Uluslararası hukuka ve Türk iç hukukuna dair yukarıda belirtilen hususlar ışığında, Türk Dışişleri Bakanlığının, Ukrayna ile Rusya arasında yaşanan sıcak çatışmanın “savaş”a dönüştüğü tespitine ulaşmasının, hem isabetli olmadığını, hem de Türkiye’nin başına işler açabileceğini düşünüyorum. Bu tespitin, Türkiye’nin Montrö Sözleşmesi üzerinden elde ettiği “üstün” avantajlarını kaybetme ve Türkiye’yi bir menfaatinin olmadığı işlere taraf yapma, riski yüksek görülmektedir.
28 Şubat 2022
[i] Cumhuriyet, 28.2.2022, s. 8.
[ii] Montrö Sözleşmesi’nin tam metni için bkz.: Dr. Aslan Gündüz, Milletlerarası Hukuk ve Milletlerarası Teşkilatlar ile ilgili Temel Metinler, İstanbul, Beta Yayınları, 1987, s. 385-399.

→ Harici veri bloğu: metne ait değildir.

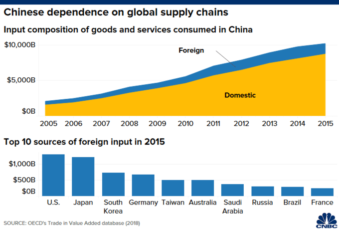 Trong khi đó, tại Trung Quốc, các nhà cung cấp nước ngoài đóng góp 14,2% (tương đương 1.400 tỷ USD) tổng hàng hóa và dịch vụ được tiêu thụ tại đây năm 2015. Mỹ cũng là nước cung cấp nguyên liệu nước ngoài lớn nhất cho Trung Quốc.
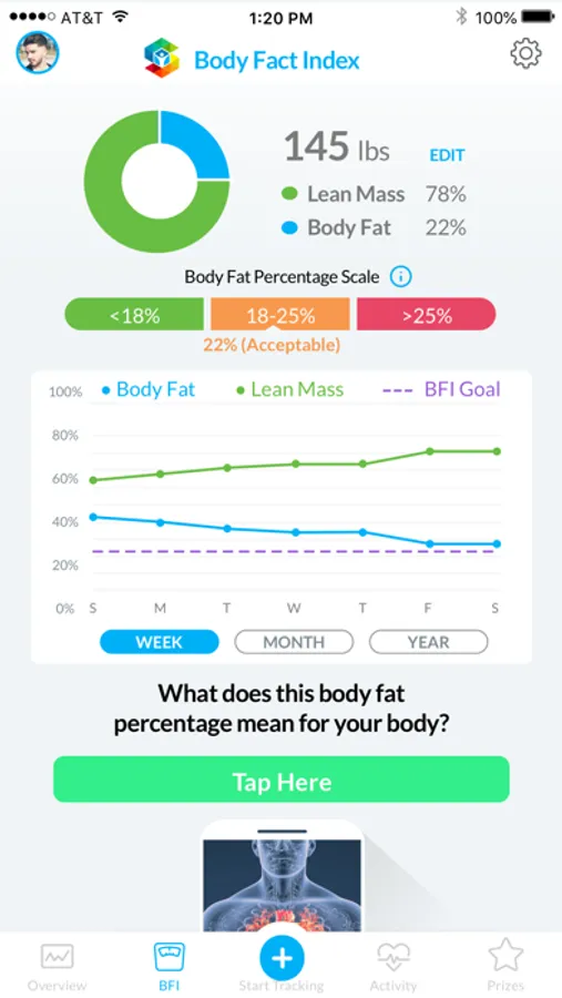 Have you heard of BFI? Body Fact Index is the first true innovation in body composition since the highly inaccurate BMI was developed in the 1830's. BFI predicts your body fat and lean mass percentages, is up to 98% accurate, and does not require any wearables - you just need your phone.

[iii] Böyle ifade edildi ama, hukuksal açıdan, NATO içinde olsa bile, Türkiye’nin NATO üzerinden böyle bir anlaşmaya taraf olabilmesi için, önceden TBMM’den uygun bulma kanununun çıkarılmasına ihtiyaç vardır. Çünkü Ukrayna NATO üyesi değildir.
[iv] Bkz.: 8.11.1983 tarihli ve 18215 sayılı Resmi Gazete.